Before you get excited I write this as a devout atheist. For almost as long as I can remember I have been certain that there is no god however, I was thinking about something tonight that made me reconsider.

This was written during a time of crisis, the COVID19 Pandemic of 2020. There is a lot of uncertainty in the world, and your author has been thinking a lot about all of the people affected in one way or another.

I wanted to let out a primal scream, to tell a higher power how I’m feeling and ask them to look out for us. I instantly rejected this notion out of hand on account me believing that there is no god.

As a thought experiment I wondered who I could complain to instead. Humanity has a strange habit of making up gods when it finds the ones it has lacking. I started to think about Simulation Hypothesis.

If the various philosophers and scientists that have weighed in on the matter are correct, it is very likely that we exist in a simulation. If we do exist in a simulation, it also stands to reason that an entity of some kind has decided to run the simulation. If they have decided to run the simulation that we are in, they expect to get some information from it.

If the creator of the simulation expects to get information out from the simulation, and you offer up a prayer, then how are you treating the creator of the simulation differently from a god?
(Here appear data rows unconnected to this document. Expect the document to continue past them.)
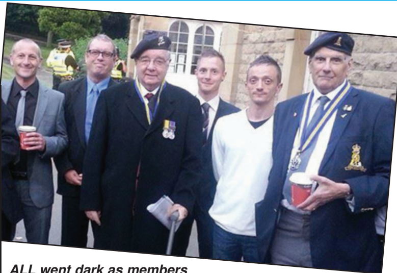
ALL went dark as members of VIC Darwen Outreach joined in the 'lights out' commemoration for the start of the First World War. For an hour, all electric lights were extinguished and just a single candle was used for illumination.
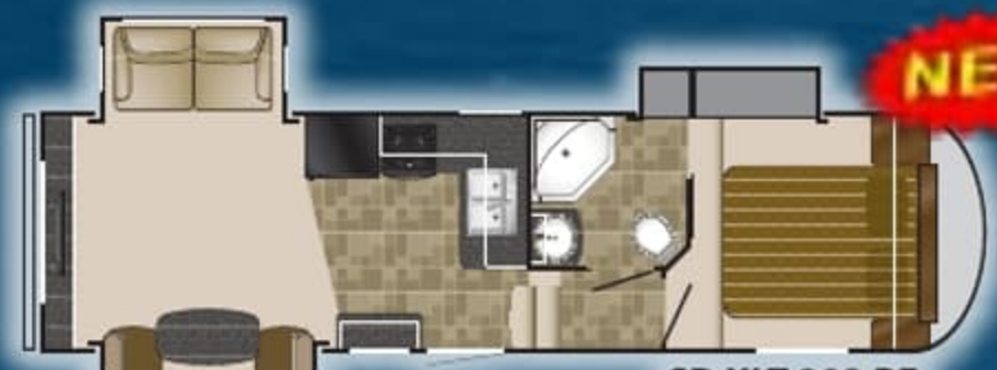
SD XLT 293 RE

Length: 29' 10" Dry: 7,466 GVWR: 9,900 Height: 11' 10" Hitch: 1,625 Tanks: 53 F 40 G 40 B
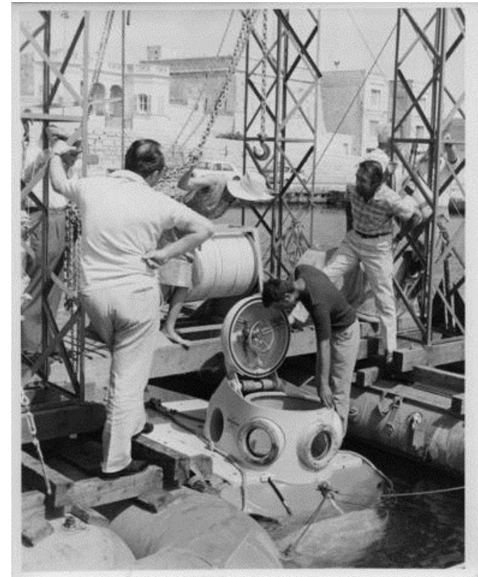
Photograph from Pacem in Maribus II, MS-2-744, Box 169, Folder 28, Item 13
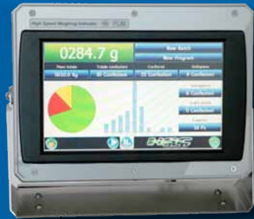
10" Touchscreen interface

Special attention to simple use plus unparalleled flexibility provide a comprehensive answer to the growing demands of users in the pharmaceutical sphere and other industries, where speed and accuracy are a must.
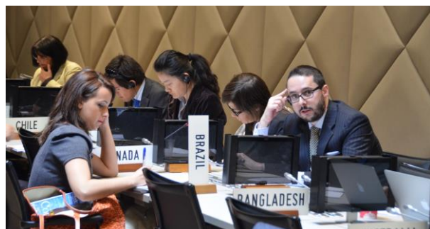
Informal Group on Accessions, Geneva, 30 May 2013

Seychelles : Seychelles had submitted a massive amount of technical inputs for its next cycle of meetings. Only updated Agriculture Supporting Tables (AGSTs) were outstanding. Victoria was working round the clock with Working Party Members. The Secretariat has prepared the Elements of the Draft Working Party Report. Draft specific commitment paragraphs have been prepared by Victoria and circulated for Members' review. A revised Legislative Action Plan and associated technical inputs have been circulated. Seychelles was committed to concluding as many Bilateral Market Access negotiations as possible by the next cycle of meetings, scheduled for 21 June. Its target was to work for the emergence of its Draft Accession Package as soon as possible.
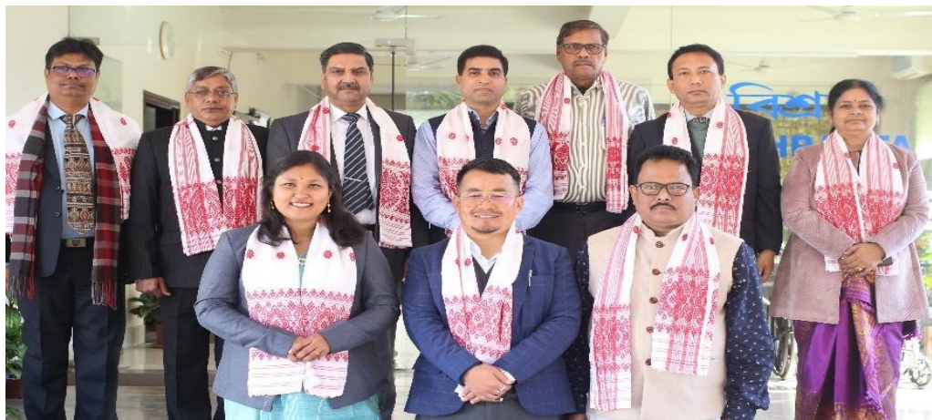
Hon'ble Members of the Court of Sri Sri Aniruddhadeva Sports University who attended the first meeting.
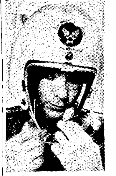
Maj. David G. Simons

By United Press BRainerd, Minn., Aug. 19.—An Air Force doctor has soared 21 miles into the sky to set a new manned balloon altitude record. The large but frail balloon reached an altitude of more than 110,000 feet at 10:30 a. m. two hours after take-off. It exceeded the old record of 96,000 feet. The balloon rose nearly vertically from its take-off site in an
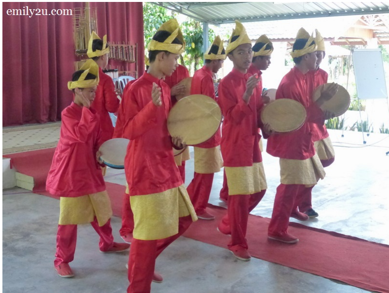
6. Kompong presentation by award-winning troupe, AJAS
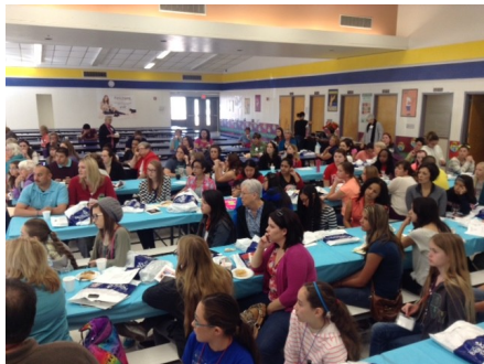
Listening to speakers during the EYH program.
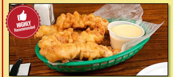
BBQ Style 9.95 Served with ranch dressing Buffalo Style 9.95 Served with blue cheese dressing & celery

Served with our Top Secret Finger Mustard sauce
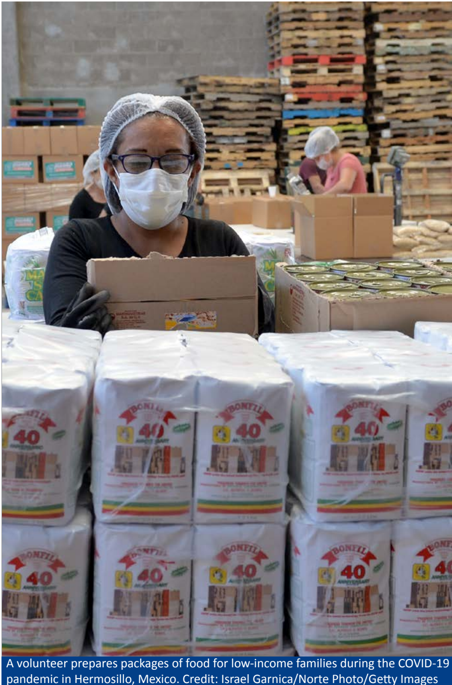
A volunteer prepares packages of food for low-income families during the COVID-19 pandemic in Hermosillo, Mexico.

ensorship, limitations on access to information and violations of the right to privacy, and threats, arrests and detentions of civil society activists, journalists, frontline workers and other concerned people who disclosed information about the pandemic, questioned their government's response, or exposed failings. In multiple cases, security forces used violence against people deemed to have violated lockdowns, while for human rights defenders in detention , the risks of infection were alarming. In too many contexts, a state power-grab appeared to be underway, raising the risk of a permanent institutionalisation of emergency measures that would roll back fundamental freedoms.
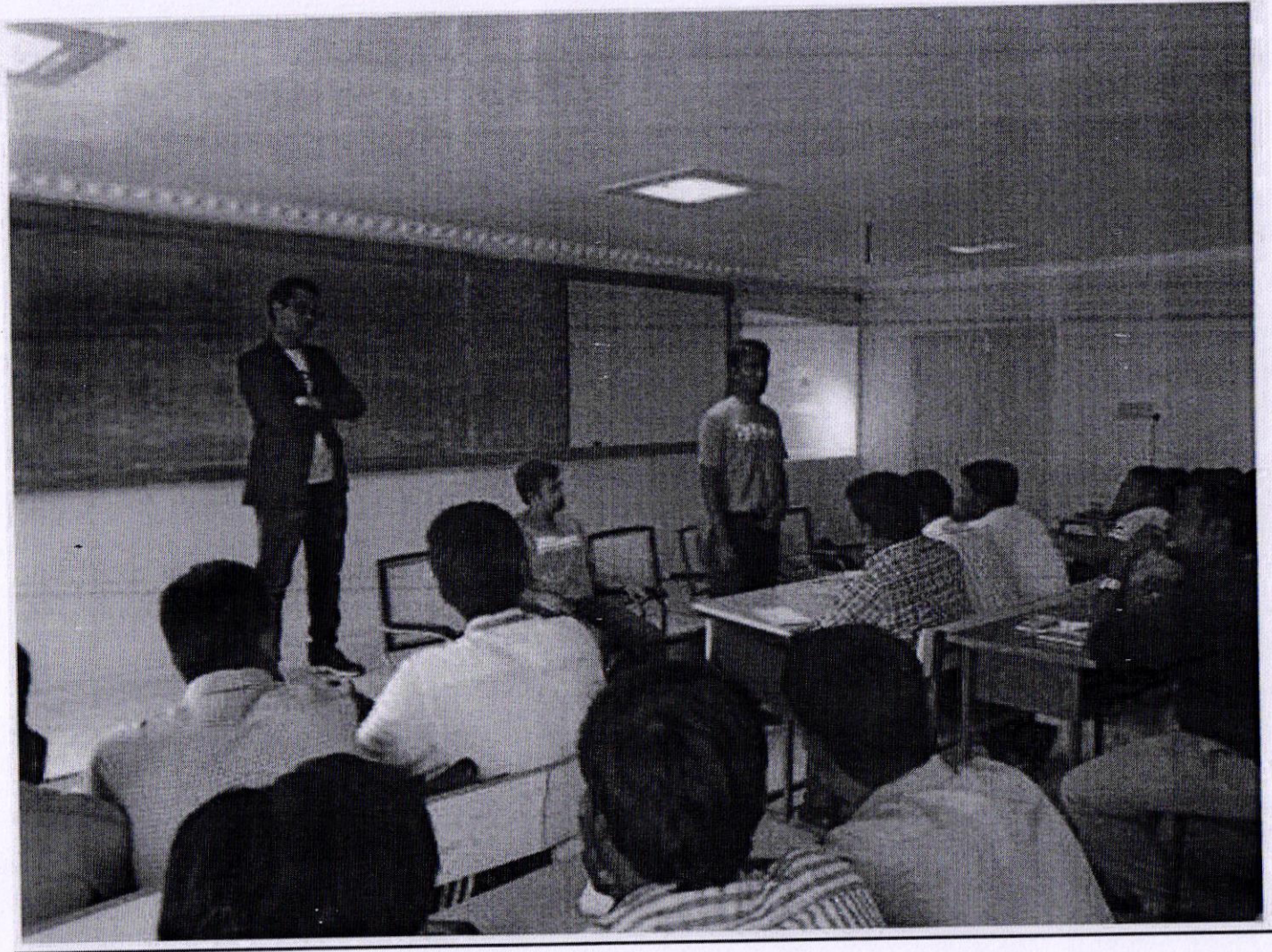
Value Added Course: WLB- a Colloquium on 02/04/2018

Think about the powers we attribute to gods. Omniscience, Omnipotence and Omnipresence – let’s break these down and see how they match up with an entity in charge of our own simulation:

Omniscience – There is little point running a simulation if you can’t examine it and extract all the information. We would expect our simulation creator to know everything (or at least be able to look up everything) within the simulation. Outside the simulation isn’t relevant to us as we can’t escape the simulation.

Omnipotence – Our simulation creator is all powerful, having access to a literal “god mode” on our simulation. We assume that our creator would be able to change things about the simulation at will, make code changes wherever they feel like it, perhaps speed up the speed of light or destroy one of your relatives because they are bored. Think of how people play The Sims – Perhaps the God in the story of Job was happily playing the Sims when his mate Satan came over and persuaded God to make Job swim in the pool and delete the ladder. Maybe God and Satan were fucking with Job because his life is as inconsequential as a computer game. Maybe all of our lives are that inconsequential.
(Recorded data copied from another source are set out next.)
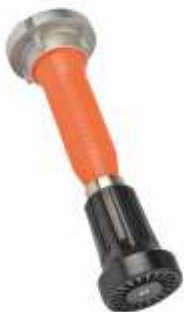
Branchpipe AWG HS
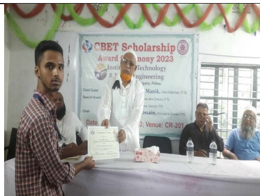
Institute of technology & Textile Engineering- Pabna
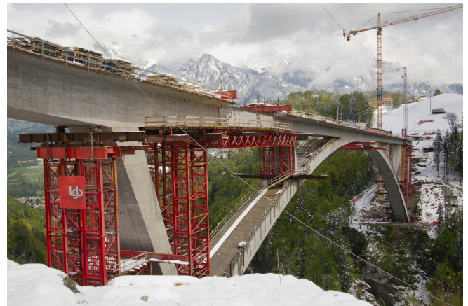
Tamina Valley Bridge
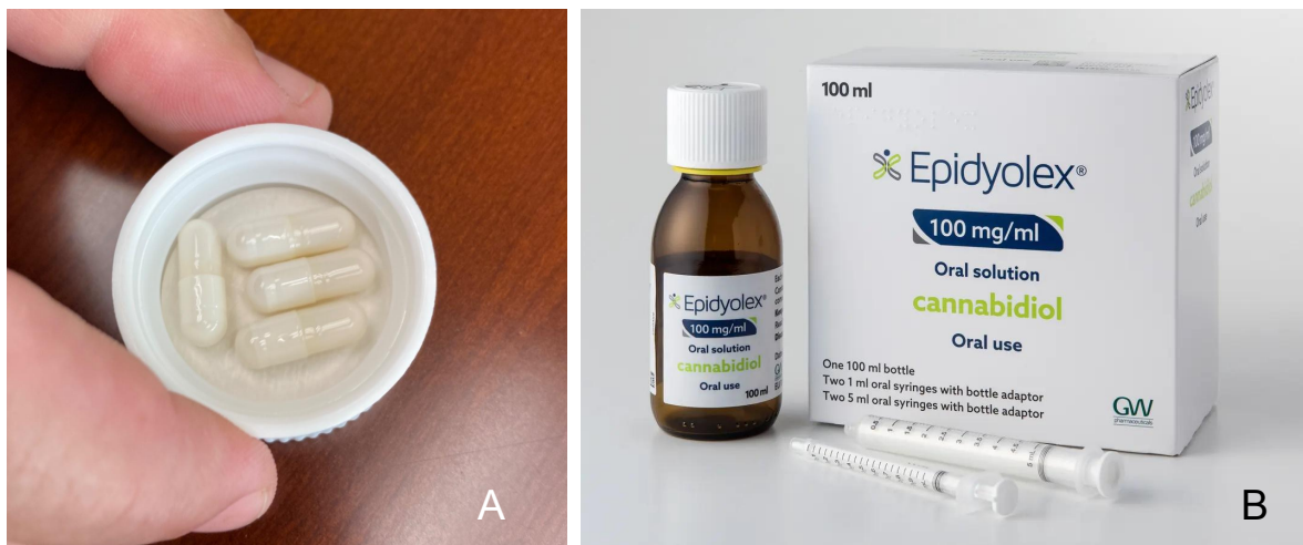
Figure 2: [A] EMD-RX5 “ultra-pure CBD” capsules and [B] Epidyolex CBD oil
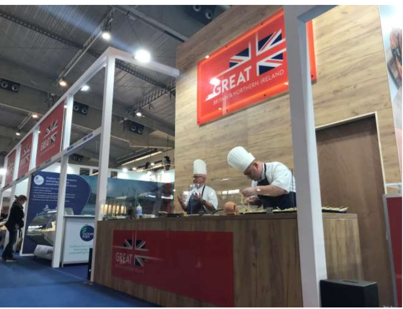
Page 30 of 30
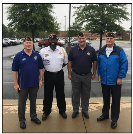
Post 1177 and AL 2001 attend 9/11 ceremony at Ashburn
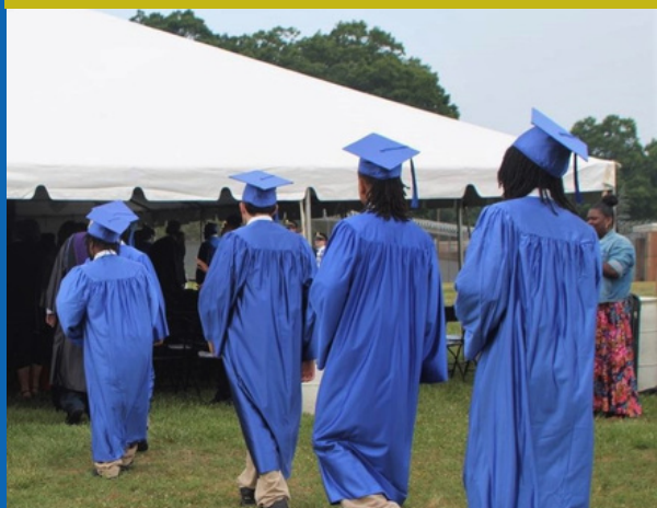
The candidates for graduation march in procession to the event tent.

“At first, school wasn’t in my mind or even part of my plan. I realized that my future depended on me having an education, and it started with a diploma,” he said, challenging his classmates to embrace the change their accomplishments helped them to make, and to go forward with their heads high, proud of themselves and all they can achieve. Family and staff in attendance nodded in agreement, adding later that they found the day’s speeches not only motivational, but entertaining and thought-provoking.
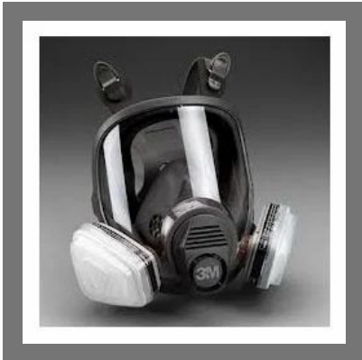
3M Automotive Respirators

Omnipresence – The creator of our simulation isn’t confined by it’s natural laws. They can peer in wherever they like, they can deconstruct your brain virtually to see why you made a decision, they can provide the illusion of randomness. There is nowhere inside the simulation that the creator cannot go.

So anyway – I was wondering, if I believe that we exist inside a simulation, and I believe that this possibility is far more likely than the existence of any of your classic gods, then it must stand to reason that the simulation has a creator, and that creator has all of the attributes of a god, and therefore, there might be a god.
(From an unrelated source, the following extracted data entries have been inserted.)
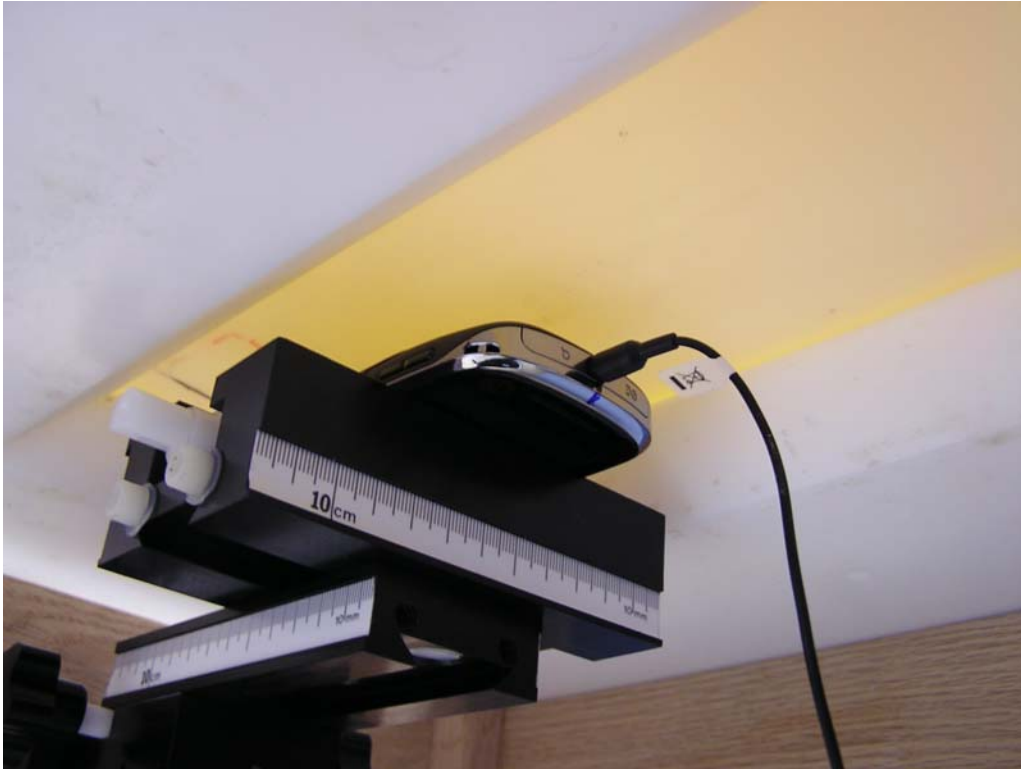
Figure 6: Body Position
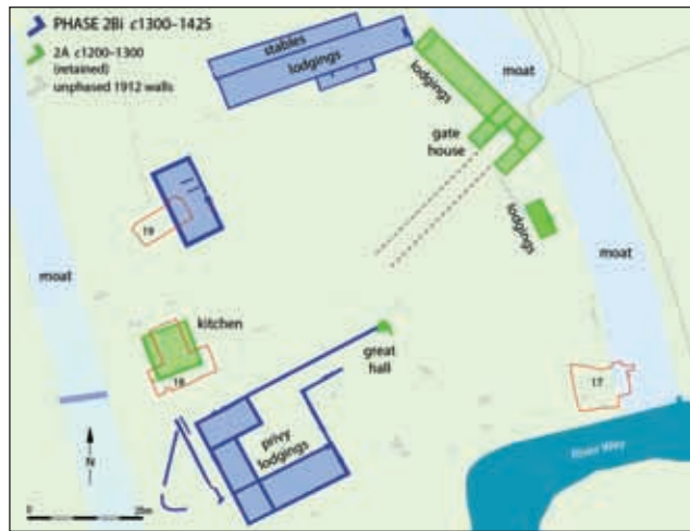
Provisional plan for Phase 2B (c1300-1425) of the manorial complex.

appointed as Valencian structures. Tiles were found in the demolition rubble. Its side walls are relatively narrow which indicates that they were sill walls for a timber framed building. Two wider and thicker brick pads were found set against the moat, perhaps forming a more substantial looking show front, with the objective of presenting an impressive façade to river traffic arriving at the site.
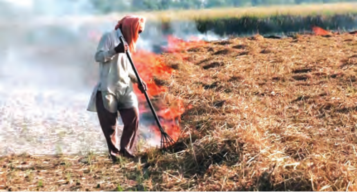
Stubble burning in Amritsar
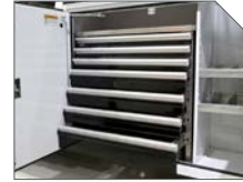
ADDITIONAL MECHANIC DRAWERS

So with this knowledge, I offer my new god information in the form of prayer. Perhaps I will write it down in this blog, or maybe on a scrap of paper, or say it out loud, or think it inside. I don’t think it matters how you do it because of the powers already mentioned, if the creator was sufficiently interested they could certainly get the information from wherever you put it.

Now the next thing to consider is whether the creator would be willing to help you with anything. If the purpose of the simulation is to test historical models or ancestor simulations etc it might be very important that the creator doesn’t intervene so as not to ruin the experiment. However if the purpose of the simulation is more like entertainment (think of your Greek Pantheon perhaps) then we might be in business.

The concept of “pleasing” gods or entertaining gods in various ways might provide what we all need right now – the cheat codes to life – or perhaps answered prayers….

I still consider myself an atheist, but I might follow Pascal’s example and hedge my bets.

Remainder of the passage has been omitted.